According to a study presented at the European Atherosclerosis Society annual meeting (2-5 June, Lyon, France), in a mouse model of atherosclerosis, treatment with a first-in-class small molecule lipoprotein lipase inhibitor—LP071—reduced plasma levels of triglycerides by almost 100% and more than doubled plasma levels of high-density lipoprotein cholesterol.
According to Stefan Nilsson, Umeå University, Umeå, Sweden, who presented the data, lipoprotein lipase has a central role in blood lipids—it hydrolyses triglyceride-rich lipoproteins and facilitates clearance of remnant particles and the formation of nascent high-density lipoprotein particles. Therefore, by targeting lipoprotein lipase, it is possible to act on multiple factors that are implicated in residual cardiovascular risk.

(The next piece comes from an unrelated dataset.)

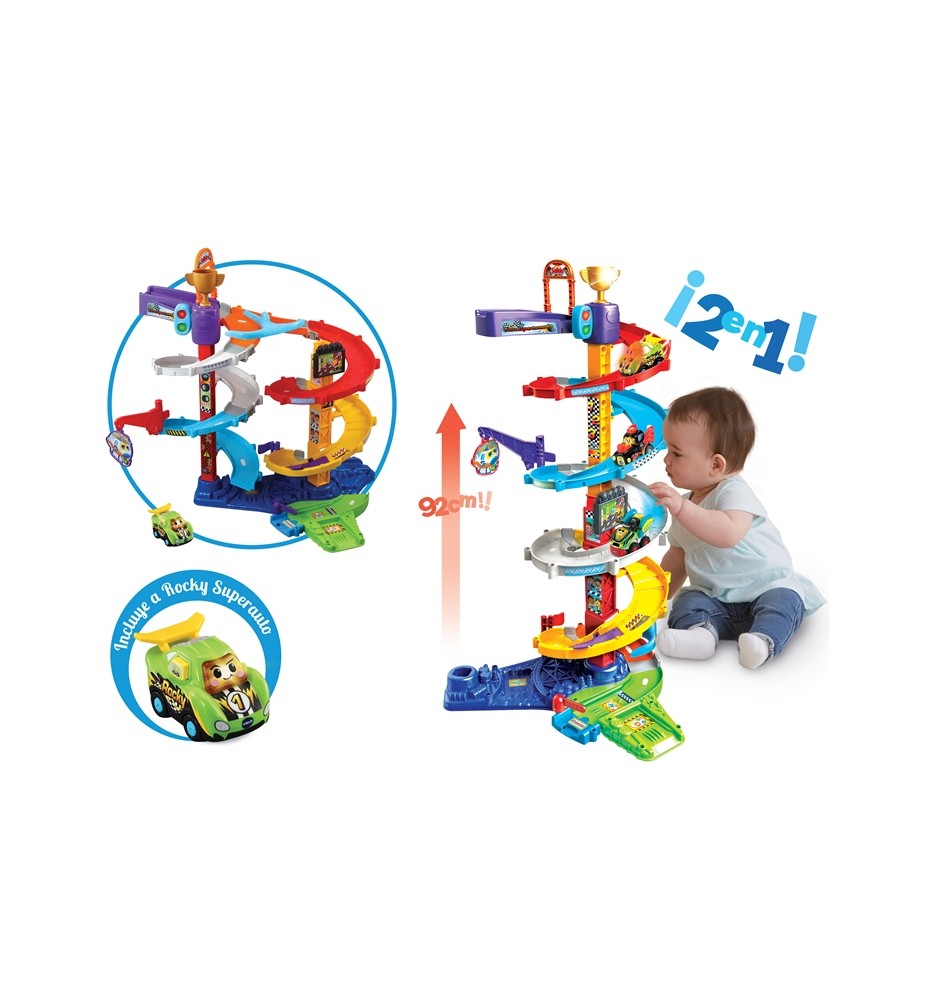 ¡Una gran torre circuito en espiral con dos recorridos distintos y un divertido superbólido para bajar a toda velocidad!

In this study, dosing of wild-type mice with LP071 for one week resulted in 50% reduction in plasma triglyceride levels. In addition, three hours after oral administration of lipids (radiolabeled chylomicrons), very-low-density lipoprotein triglycerides were reduced by 85% and very-low-density lipoprotein -cholesterol by 50% versus controls.

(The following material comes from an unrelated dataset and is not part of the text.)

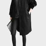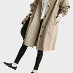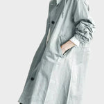 Този тренчкот съчетава стил и удобство, създавайки модерен и елегантен външен вид. С дълга линия и свободен силует, той е идеален за носене върху различни облекла, осигурявайки комфорт и защита през прохладните дни.

In an animal model of atherosclerosis (ApoE3-Leiden.CETP mice), LP071 reduced triglyceride levels by 98% and raised high-density lipoprotein cholesterol plasma levels by 116%. Similar effects were reported in another mouse model.
In conclusion, this experimental study suggests that this first-in-class LPL activator LP071 might be a possible candidate for agents that are able to target atherogenic dyslipidaemia.